Till it can be shown that another religion to an equal extent, has propagated itself without force amongst totally different races, and in the most distant countries, and has survived equal revolutions of thought and opinion, manners and laws, amongst those who have embraced it, it cannot be said that Christianity is simply like any other religion.
Till it can be shown that the sacred books of other religions have contained predictions as definite and as unlikely to be fulfilled as the success of early Christianity against all the opposition of prejudice and persecution,—its voluntary reception amongst different races, contrary to all the analogies of religious history,—and the continued preservation of the Jews among all nations without forming a part of any,—I cannot think that Christianity is precisely in the condition of any other religion.
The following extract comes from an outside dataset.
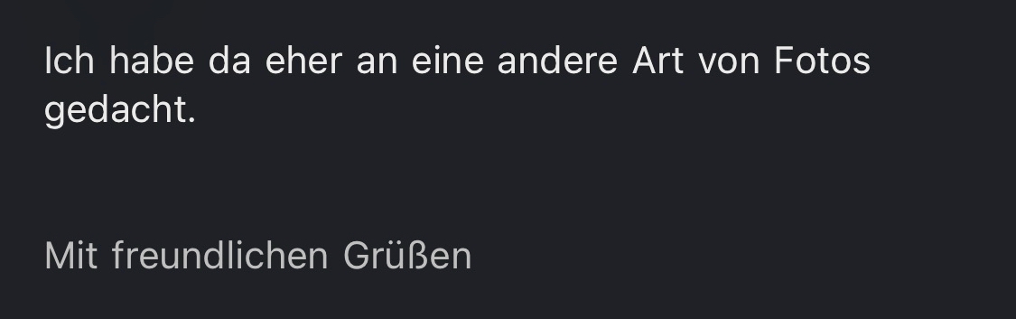 Daraufhin hat die 18-Jährige ihm umgehend zwei Bewerberfotos gesendet. Die Antwort des Verantwortlichen: „Ich habe da eher an eine andere Art von Fotos gedacht…“

Such, gentlemen, were some few of the differences in fact which seemed to me, not less than its theory, to discriminate Christianity from other religions. Had I in those days of my youth, been favored with the views of modern “spiritualism,” I should have added, that till it is shown that some other religion has possessed an equal power of moulding those characters whom Mr. Newman points out as the best examples of “spiritual” religion, and can point to oracles equally pervaded by that “sentiment” which he declares is wanting in Greek philosophers, English Deists, and German Pantheists, but which, he admits, pervades the Bible; till I see the devout men whom he extols produced by other religions, or rather. I ought to say, produced without them (where Christianity however is unknown) by the unaided “spiritual faculty,”—I cannot but think that the position of Christianity is somewhat discriminated both from other religions and from “Naturalism.”
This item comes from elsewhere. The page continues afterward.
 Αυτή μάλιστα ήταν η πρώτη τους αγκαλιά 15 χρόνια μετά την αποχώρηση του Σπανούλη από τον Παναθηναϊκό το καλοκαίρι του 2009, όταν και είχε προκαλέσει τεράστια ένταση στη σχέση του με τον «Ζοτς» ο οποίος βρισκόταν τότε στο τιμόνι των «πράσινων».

Such, I said, to conclude, was an imperfect outline of some of my early conflicts, and such the cruel mode in which my unbelieving friends laughed at each other’s hypotheses, and left me destitute of any. Finding that they conclusively confuted one another, and perceiving at last that the idea of the superhuman origin of Christianity did, and, as Bishop Butler says, alone can resolve all the difficulties of the subject, I was compelled to forego all the advantages of infidelity, and condescended to “depress” my conscience to the “Biblical standard”! Would to Heaven that it had never been depressed below it!
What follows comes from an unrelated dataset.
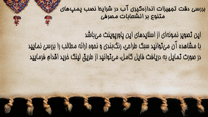پاورپوینت کامل بررسی دقت تجهیزات اندازهگیری آب در شرایط نصب پمپهای متنوع بر انشعابات مصرفی

I am bound to say my auditors listened with courtesy. The conversation was now carried on in little knots: I, who was glad of a rest, was occupied in listening to a conversation between Harrington and his Italian friend, who was urging him to take refuge from such a Babel of discords as his company had uttered, in the only secure asylum. Harrington told him, with the utmost gravity, that one great objection to the Church of Rome was the unseemly liberty she allowed to the right of private judgment; that he found in her communion distractions the most perplexing, especially as between English and foreign Romanists!